The stock market started the first full week of September on a cautious note. The S&P 500 lost 0.3%, but the relative strength of small-cap stocks helped the Russell 2000 (+0.2%) and Nasdaq Composite (+0.2%) finish ahead of the benchmark index. Equity indices struggled from the get-go with the overall risk sentiment dampened by continued dollar strength that sent the US Dollar Index (+0.54, 84.28) near its best level of the year. The greenback surged on the back of yen weakness following a downward revision to Japan's Q2 GDP (to -7.1% from -6.8%), while also drawing strength from weakness in the British pound. The pound fell to 1.6110 from 1.6330 against the greenback after a weekend YouGov poll revealed majority support for Scottish independence with the referendum coming up on September 18. Conversely, the dollar strength weighed on commodities.

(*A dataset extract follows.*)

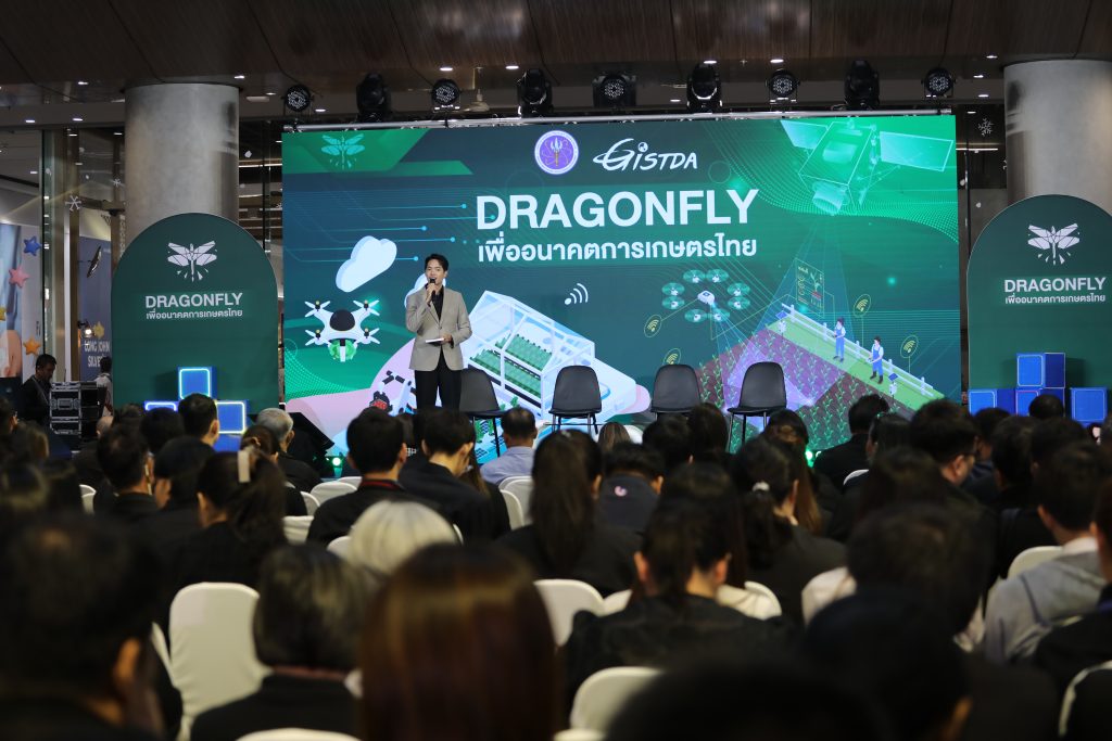 งานวันนี้จัดขึ้นเพื่อส่งเสริมสร้างการรับรู้วงกว้างต่อการใช้งานแอปพลิเคชัน “DRAGONFLY : เพื่ออนาคตเกษตรไทย สู่เกษตรดิจิทัล” เพื่อเน้นย้ำถึงความสำคัญของการนำเทคโนโลยีอวกาศและภูมิสารเทศ หรือ ข้อมูลจากดาวเทียม มาช่วยยกระดับภาคการเกษตรไทยให้ก้าวทันต่อการเปลี่ยนแปลงหลากหลายมิติของโลกในปัจจุบัน เพื่อให้พวกเขาสามารถใช้ข้อมูลจากแอปพลิเคชันให้เกิดประโยชน์สูงสุด แม้เทคโนโลยีจะพร้อม แต่การเปลี่ยนผ่านจากการทำเกษตรเชิงประสบการณ์ไปสู่การทำเกษตรที่ ใช้ข้อมูลเป็นฐาน (Data-Driven) โดยเฉพาะข้อมูลที่ซับซ้อนอย่างภูมิสารสนเทศ จำเป็นต้องอาศัยการสร้างความเชื่อมั่นอย่างต่อเนื่อง การยกระดับความรู้ทางเทคโนโลยีให้เกษตรกร จึงต้องร่วมมือกับทุกภาคส่วนที่เกี่ยวข้องเพื่อการพัฒนาและถ่ายทอดทักษะด้านดิจิทัล และพิสูจน์ให้เห็นว่าข้อมูลจากดาวเทียมใน DRAGONFLY สามารถเพิ่มขีดความสามารถของเกษตรกรในการรับมือกับการเปลี่ยนแปลงสภาพภูมิอากาศที่รุนแรงและคาดเดาได้ยากในอนาคตได้จริง

Equities ended the Tuesday session on their lows with the S&P 500 sliding 0.7%. After outperforming on Monday, the Russell 2000 erased that uptick with a 1.2% decline the following day. Indices spent the entire session in the red with the early pressure coming from the financial sector (-1.0%). The second-largest group by market cap slumped out of the gate amid broad weakness in top-weighted components. Meanwhile, the consumer discretionary space (-1.0%) also weighed with the quick-service restaurant space adding pressure. McDonald's (MCD) fell 1.5% after reporting a 3.7% decline in comparable store sales during August, which was paced by a 14.5% slump in Asia following the recent food safety scandal.

The stock market ended the midweek session on an upbeat note with the Nasdaq Composite providing leadership. The tech-heavy index advanced 0.8%, while the S&P 500 added 0.4% with seven sectors posting gains. Equities were driven into the red shortly after the open due to notable weakness in the energy sector. The growth-sensitive group was down in excess of 1.0% during the first hour of action, but narrowed its loss to 0.3% by the close. For its part, crude oil fell 1.1% to $91.71/bbl, ending the pit session at its lowest level since early January. The Dollar Index (84.22, -0.06) climbed to its best level in 14 months before slipping in the early afternoon. The greenback retreated against the British pound after latest poll results from Scotland indicated majority support for staying in the UK (weekend YouGov poll gave a slight edge to the pro-independence movement). The pound/dollar pair climbed to 1.6210 after trading at 1.6070 in the early morning.

The Dow Jones Industrial Average (-0.1%), Nasdaq (+0.1%), and S&P 500 (+0.1%) ended the Thursday affair on a flat note, while the relative strength among small caps sent the Russell 2000 higher by 0.7%. The trading day began on a cautious note following Wednesday's remarks from President Obama who announced increased support for Syrian rebels and a U.S.-led coalition effort targeting ISIS militants in Syria and Iraq. The address led to some risk aversion overnight, but that sentiment faded during the day. Treasuries climbed overnight, but wiped out all of their gains over the course of the session. The 10-yr yield ended at 2.55% after marking a low at 2.51% shortly before the opening bell.